At the moment you see the maximum values from every interval after data consolidation.

From the top of my mind I think we fixed this in 2.4.0, maybe you can check, if you see the same thing on 2.4.0? :slight_smile:

We cannot upgrade to 2.4 as not all of our extensions are there yet
And migrating them is often not very easy or straight forward. As you can see in my other posts here.

1 Like

I need to solve some host’s OOM problems and I have taken a look to the Memory graphs a bit more than before. I run CRE 2.4.0p17 and what confuses me is varying value of Total RAM on Linux hosts. My idea was, that Total RAM should be the same as MemTotal of /proc/meminfo. But it is not. If I read the code correctly, Total RAM is computed by graphing code as

        Sum(
            Title("Total RAM"),
            Color.DARK_BLUE,
            (
                "mem_used",
                "mem_free",
                "mem_lnx_cached",
                "mem_lnx_buffers",
                "swap_cached",
                "sreclaimable",
            ),

Legacy mem_linux check code computes:

    section["Caches"] = (
        section["Cached"]
        + section["Buffers"]
        + section.get("SwapCached", 0)
        + section.get("SReclaimable", 0)
    )       
            
    # RAM, https://github.com/Checkmk/checkmk/commit/1657414506bfe8f4001f3e10ef648947276ad75d
    section["MemUsed"] = section["MemTotal"] - section["MemFree"] - section["Caches"]

The section keys are converted to underscored using (_camelcase_to_underscored()), so MemUsed is mem_used and so on in perfdata. There is also a bit confusing transition

        "buffers": translations.RenameTo("mem_lnx_buffers"),
        "cached": translations.RenameTo("mem_lnx_cached"),

So I think the intention was really, that Total RAM should be MemTotal, but there are sometimes really big differences. Especially in the case of memory pressure, like OOM in the picture bellow.

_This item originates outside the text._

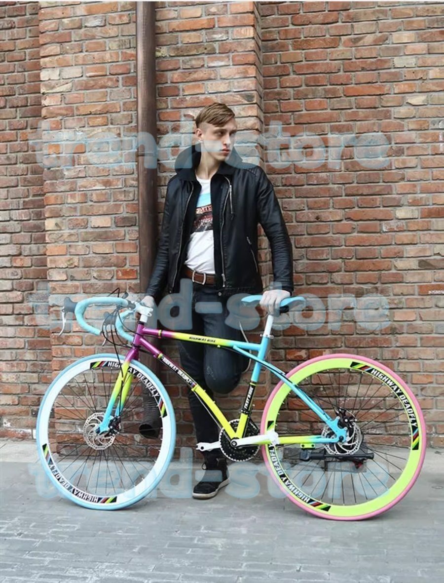 > 美品ロードバイク 700C カラー ソリッドタイヤ 24段変速 初心者 街乗り 可変速自転車スチールフレーム適用身長165-185cm 通勤 通学

If such a combined graph has the possibility to select the “Average” column you should select it.
The problem is that in your graph already consolidated data is present and then you don’t need the maximum value over the consolidation time, but the average, to show a proper graph.
Here as example two times the same data.

Default selection - Maximum

Same graph but with “Average” selected. This shows the real data for the time displayed.

1 Like

Dear Andreas,
I thank you very much for the clear instructions!!! I didn’t know about the possibility to change the consolidation function :face_with_open_eyes_and_hand_over_mouth: in graphs this way.
Now it makes sense where is the problem with additions and subtractions.
You wrote this at the start already, sorry for my ignorance. On the other hand, this must be clear for everyone now. :blush:
Best regards!

1 Like

As addition this is a nice small graph showing the aggregation inside the RRD file.

1 Like